In her earlier, gloomier paintings, the woman never managed to
hold or hold onto something, but she kept trying. In Woman holding her
drifting life, for example, a stick-figure woman is depicted trying to
hold onto her life, while it slips away like grains of sand through her
fingers. In later series she is gradually learning to hold - to hold plenty,
to hold sun. In recent series she is portrayed holding a vessel of the
soul, but her hand is stretched forward in a gesture of offering, giving
up and giving away; after learning how to hold, she is now letting go,
from within, and thus the held vessel does not drop (nor is the soul within
it spilled), but rather delivered onwards. This process marks a tendency
toward self-empowerment. The woman is like a priestess holding out an offering,
as though performing some ancient ritual. Indeed, the works are imbued
with a mystic atmosphere; Yacoby’s private religious mix of Jewish mysticism
and other, mainly Far Eastern beliefs.
In earlier works the woman was depicted tied with a rope, and scissors were required in order to cut the tight grasp, this strong umbilical cord. It was holding to the point of symbiosis - linked bodies, merged entities. Now the rope is gone or has become invisible. The hold in reality is stronger, but also freer. The ultimate goal, as aforesaid, is a re-merger, but an internal rather than an external one.

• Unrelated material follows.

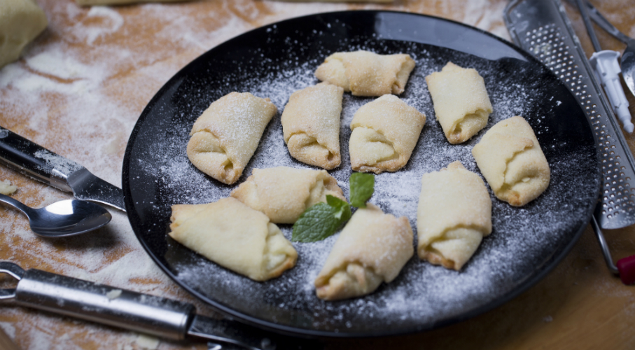 Először elkészítjük a túrós tölteléket. A hozzávalókat simára keverjük. A tésztához a 3 összetevőt összekeverjük, és simára gyúrjuk, majd 7 részre osztjuk. Mindegyik darabból 27-30 cm átmérőjű kört nyújtunk, amit 8 cikkre vágunk. A háromszögek alapjára teszünk egy gombócot a túrós töltelékből, a széleket behajtjuk, majd a csúcs felé feltekerjük. A batyukat csúcsukkal felfelé a sütőpapírral kibélelt tepsire helyezzük, és 180 °C fokos sütőben világosra sütjük. Amikor kész, megszórjuk porcukorral. Frissen finom ropogós, később a túrótölteléktől kissé átpuhul a tészta.
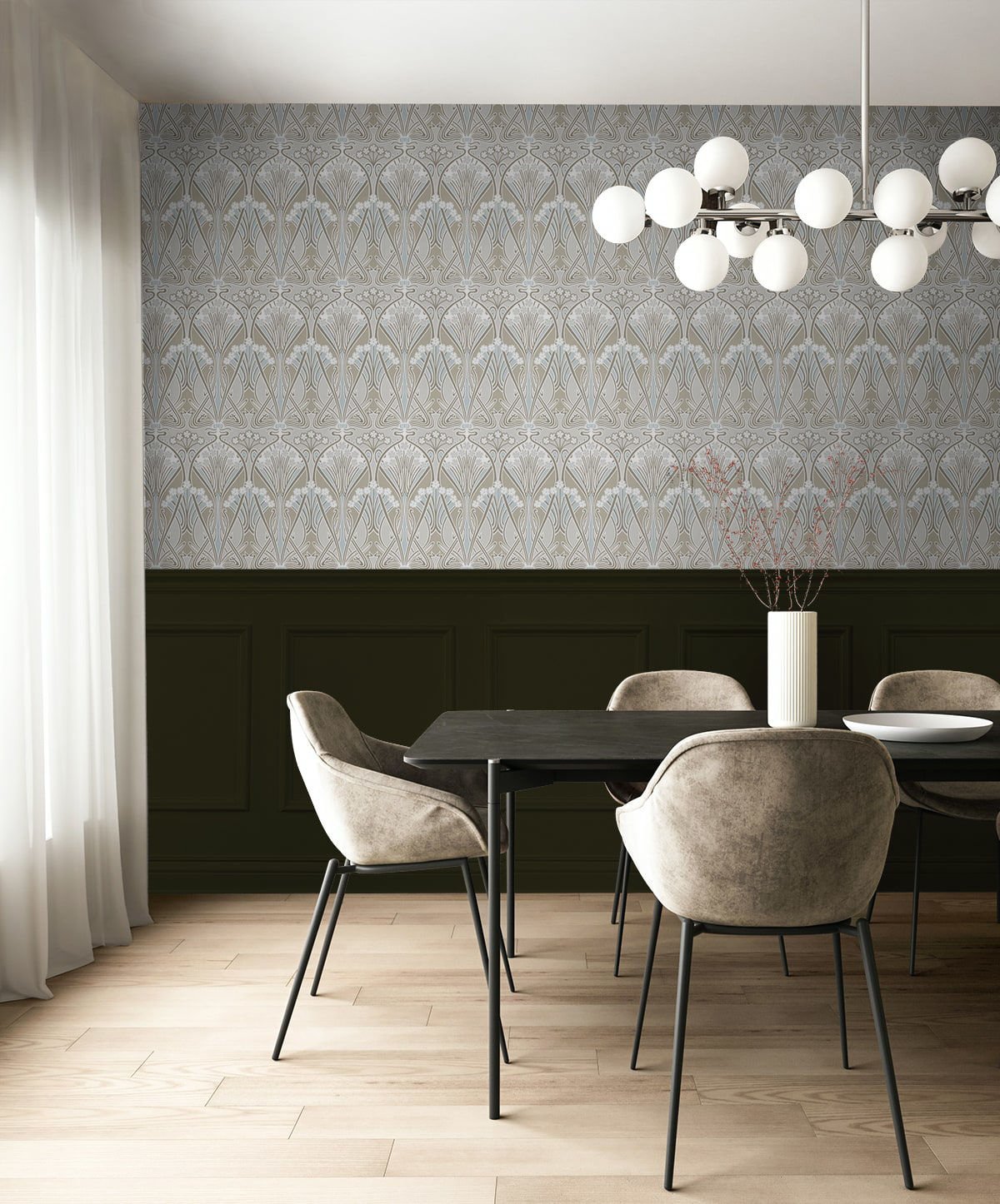Dragonfly Damask – Soft Taupe and Blue Mist Cool Neutrals Damasks and Scrolls Wallpaper is a premium damasks and scrolls wallpaper designed to elevate your kitchen, powder room, and bedroom. Crafted with high-quality materials, this wallpaper combines durability and elegance, making it the perfect choice for those seeking a sophisticated touch. Its damasks and scrolls design adds texture and depth, enhancing any space with warmth and character.

To let go in the sense of ceasing to hold onto, causing to drop, falling into a new space. Yet the movement is always ambiguous. An endless fall, often depicted in her works by vortex-shaped entities: the fire, the stream of life, etc. Empowering elements which conceal a potential for catastrophe. Dorrit is not trying to tame them, but rather merge with them and derive strength therefrom.
The dichotomic nature of the held entities render her somewhat of a female Icarus; she is overreaching, yet inward; endeavoring to touch the untouchable. There is always the risk that her wings will melt in the sun and she will plunge to her "end", but the goal is to be purified by the sun, the fire (or alternatively the water or the air) - for she flies deeper within rather than striving to fly higher and higher.